The AI We Deserve
The Boston Review has published a forum on utopian visions for what AI could be. The introductory essay by Evgeny Morozov appears along with responses by Brian Eno, Audrey Tang, Terry Winograd, Bruce Schneier & Nathan Sanders, Sarah Myers West & Amba Kak, Wendy Liu, Edward Ongweso Jr., and Brian Merchant. In his opening salvo, Morozov poses the following "radically utopian question":
There’s relatively little effort to think about just what AI’s missing Other might be—whether in the form of a research agenda, a political program, a set of technologies, or, better, a combination of all three.

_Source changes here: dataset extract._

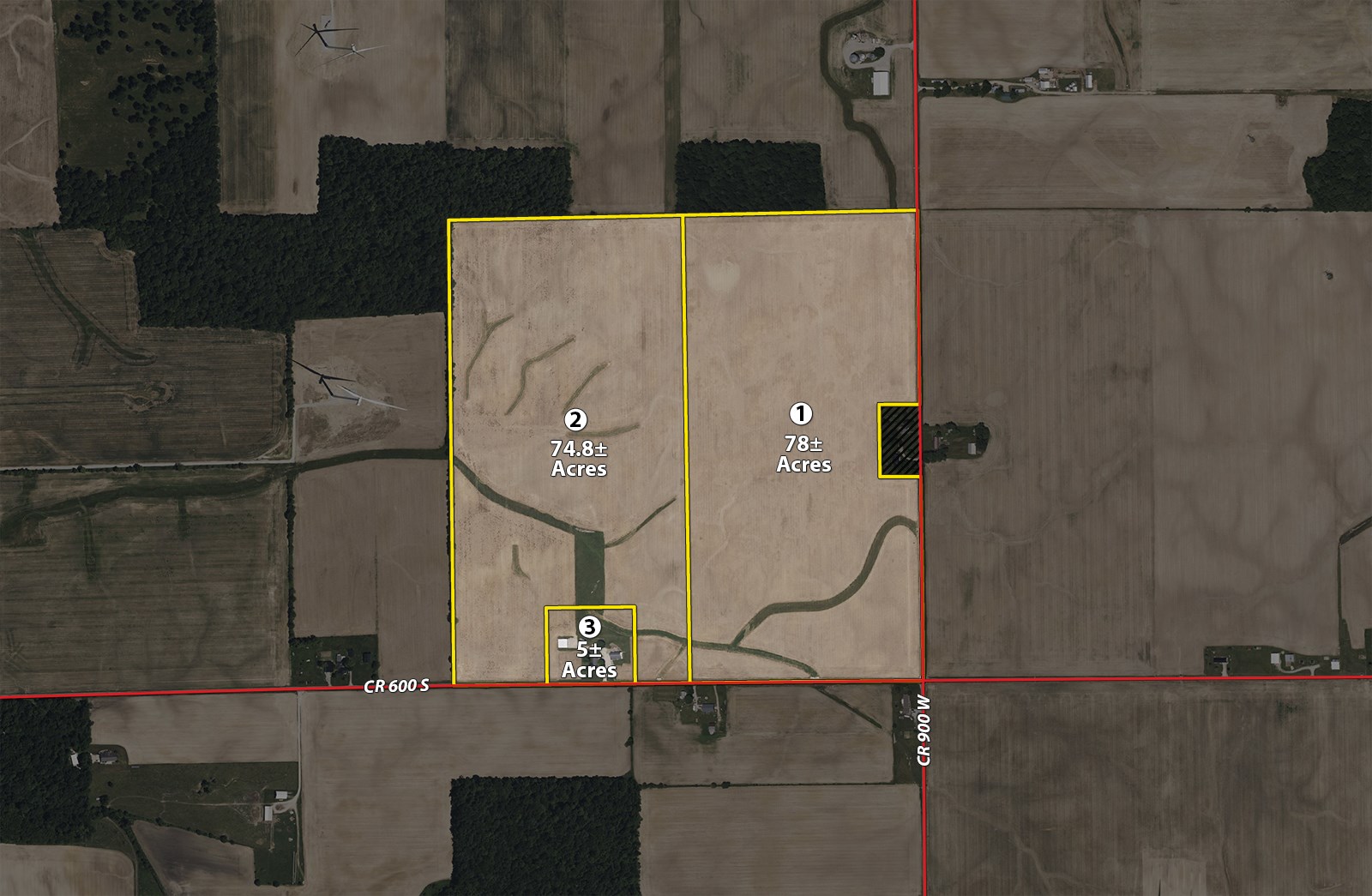 Tract 2: 74.8± ac mostly tillable with grassed waterways and a county tile running through the property. Frontage on W 600 south on both sides of Tract 3. This is a nice large field for ease of farming operation. Consider combining with Tract 1 to create a 153+/- acre field nearly all cropland. 3.5+/- acres of FSA waterways.

To close this gap, I want to offer a different way of thinking about AI and democracy. Instead of aligning with either the realists or the refuseniks, I propose a radically utopian question: If we could turn back the clock and shield computer scientists from the corrosive influence of the Cold War, what kind of more democratic, public-spirited, and less militaristic technological agenda might have emerged?

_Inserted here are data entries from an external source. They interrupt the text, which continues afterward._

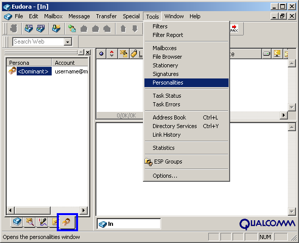 If the Personalities pane is not open, you can click its tab, or click Tools, then Personalities to open the Personalities pane shown at the left of the image below.
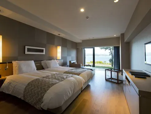 164개의 객실은 전 객실 올 레이크뷰입니다. 스탠다드 트윈과 싱글, 반려동물 동반 가능 층을 갖춘 캐주얼하게 이용할 수 있는 "스파 리조트관"과 전망 욕조가 딸린 객실 및 특별실 등 프리미엄한 숙박이 보장된 "노노카제 클럽". 여행 스타일에 맞춰 다양한 객실을 선택하실 수 있습니다.
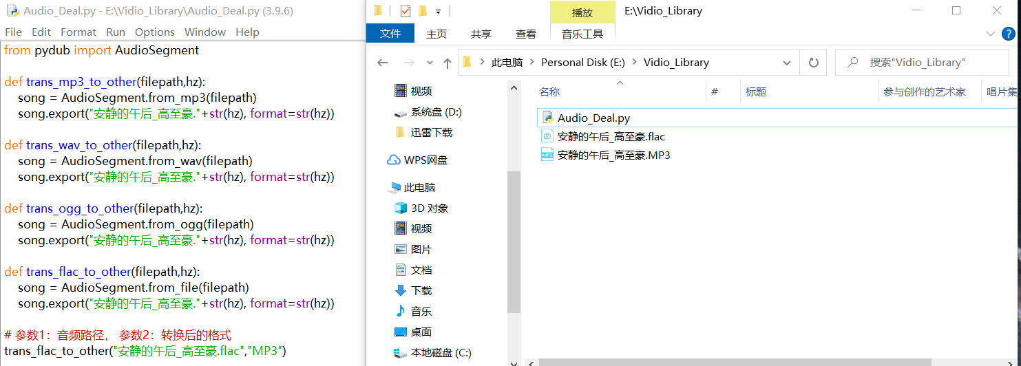 3、输入下方代码(把“安静的午后_高至豪.flac”格式转换为“安静的午后_高至豪.MP3”格式)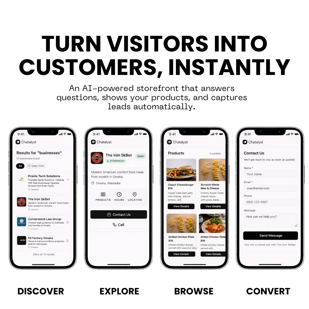 AI時代の顧客発見を変える、AI搭載の自社ストアフロントの提供。92%の企業がAI検索で可視化されず、26億件の日次AI検索が発生。顧客はAIへ質問する時代。Chatalyst は顧客発見・質問...

Morozov’s own sketch of an alternative path for AI draws on projects from the 1960s and 70s, including Project Cybersyn and the Environmental Ecology Lab. In his response to the other forum contributions, Morozov stresses that "The promise of technological alternatives lies not in replacing Silicon Valley’s digital imperialism with local variants but in reconceptualizing technology’s role outside the logic of capital accumulation."